Dans le contexte de la longue démolition du système républicain d’enseignement, démolition progressive et programmée par-delà la couleur des gouvernements successifs, il n’y a pas de raison que les universités soient épargnées
Durant les années 2007-2010, elles ont connu des convulsions qui ont alerté l’opinion : en 2007, lors du vote de la loi « Loi relative aux libertés et responsabilités des universités » (« loi LRU »), puis en 2008-2009, lors de la réforme des concours de recrutement de professeurs (la « mastérisation » des concours), qui s’est accompagnée d’une levée de boucliers des enseignants chercheurs contre au projet de décret ministériel visant à modifier leurs obligations de service.
Depuis 2012 et les promesses lénifiantes du « changement maintenant », l’indifférence a gagné peu à peu. Pourtant, les « réformes », c’est-à-dire en fait les démolitions réactionnaires, ont continué, notamment avec l’adoption de la loi Fioraso, baptisée fort justement « loi LRU2 ». Il s’agit là de transformations profondes imposées pas à pas aux universités françaises, mais plus généralement aux universités européennes ; transformations d’inspiration néolibérale ou ordolibérale dont nous proposons de rappeler ici les grandes lignes, en les remettant en perspective dans l’histoire des rapports entre universités et société depuis l’Ancien Régime.

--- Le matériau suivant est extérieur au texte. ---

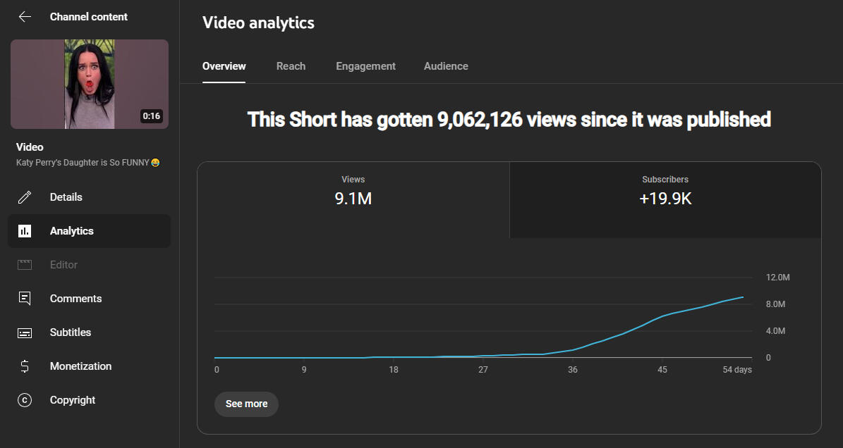 Over 75 Million Views and 100k subscribers reached for my client's brand new YouTube channel in less than 3 months of working together.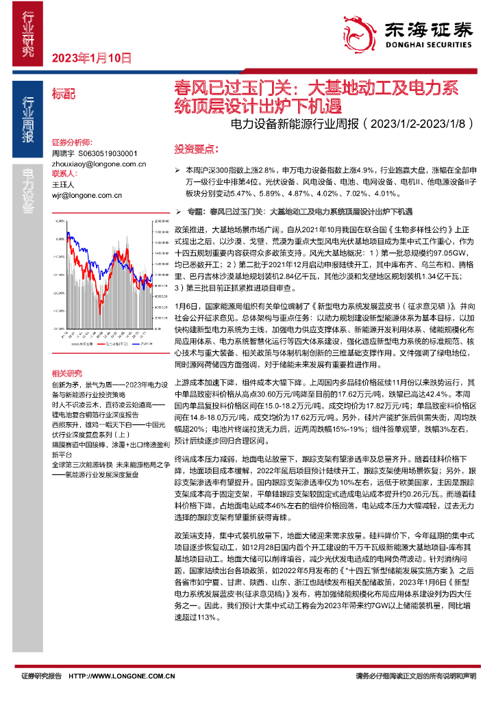 东海证券:电力设备新能源行业周报:春风已过玉门关:大基地动工及电力系统顶层设计出炉下机遇.pdf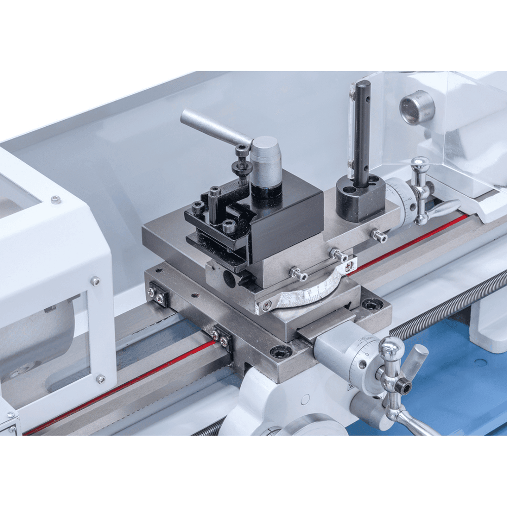 The Hobby 350 Vario benchtop lathe offers additional features over the Hobby 300 Vario model, including a 50 mm longer tip length and a more powerful drive motor. To reduce production times, this model can be equipped with a 2-axis digital display.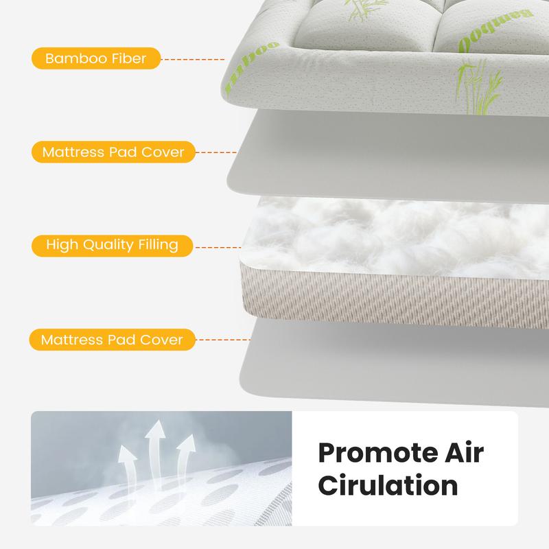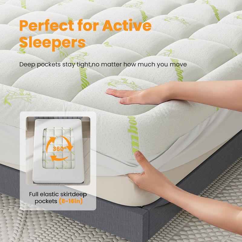 ·【Cool & Breathable for Restful Sleep】 Crafted from premium 40% bamboo viscose material and 60% polyester, ideal for sensitive sleepers.This bed cooling system wicks away heat and moisture throughout the night, ensuring a consistently cool and dry surface. Say goodbye to night sweats and hello to deep, restful sleep on our bamboo mattress topper.

On trouvera dans l’ouvrage d’Isabelle Bruno, La grande mutation, Néolibéralisme et éducation en Europe, un tableau détaillé de ces transformations ainsi que des divers rapports ou déclarations, à l’échelle européenne ou nationale, qui en ont peu à peu assuré la promotion, puis la mise en œuvre depuis la naissance de la Communauté européenne. (...)
Le premier principe est la marchandisation de la connaissance et non sa diffusion gratuite dans la population. (...)
Le second principe est l’institution d’une concurrence généralisée, entre individus mais aussi entre universités. (...)
Quelles sont les conséquences de mutations aussi radicales ?
La première est la hausse prévisible des droits d’inscription pour les étudiants, dès lors que les universités sont mises en faillite par la restriction des crédits publics : celles qui survivront ne le pourront que grâce aux contrats avec le privé et au financement par les familles, avec en perspective l’endettement à vie des individus par le biais des prêts pour études.
La seconde est la création d’un enseignement supérieur à deux ou trois vitesses, distinguant des universités d’« excellence », des universités moyennes et des collèges universitaires de proximité. La baisse du niveau du bac, en effet, implique la poursuite des études : le mot d’ordre non dit d’une « licence pour tous » implique en fait la transformation des universités de proximité en lycées bis où, pendant quelques années de plus, on (c’est-à-dire, rappelons-le, des enseignants non chercheurs) modèlerait les individus selon les « compétences » et les « savoir-être » censés agréer à l’employeur.
La troisième est la mise sous tutelle de la recherche, puisqu’elle dépendrait largement des financements privés et de la volonté de l’équipe présidentielle gouvernant chaque université. Le même sort attend l’enseignement lui-même, en raison des pouvoirs managériaux accordés aux présidents d’université et à leurs équipes, d’autant plus qu’il voué de plus en plus à être assuré par des vacataires. Cela n’est pas pour étonner si on se souvient que la laïcité est une notion inconnue des textes européens.
Pour qui replace ces mutations dans un contexte historique un peu large, il apparaît qu’elles ne sont rien qu’un gigantesque retour en arrière (...)
Il s’ensuit que l’existence des universités au sens où elles ont été conçues à la fin du XIXe siècle, comme lieu d’élaboration et de diffusion d’un savoir critique, « rentable » à certains égards mais aussi ayant vocation de participer à l’émancipation des esprits, n’est pas un acquis dont on pourrait croire qu’il va de soi : ce ne peut être qu’un combat permanent, tout comme la sauvegarde ou la reconstruction de l’école républicaine, qui a connu les mêmes coups de pioche, tout comme aussi est un combat permanent le maintien des droits sociaux et (loin de toute illusion angélique) la reconnaissance des droits de l’Homme en général. C’est un truisme de dire que les combats convergent. C’en est moins un de dire que ces convergences, ces cohérences profondes entre les « réformes », que les dirigeants libéraux de tous bords s’ingénient à présenter sous des jours lénifiants et optimistes, doivent être inlassablement mises en lumière : c’est un des buts essentiels de l’éducation populaire.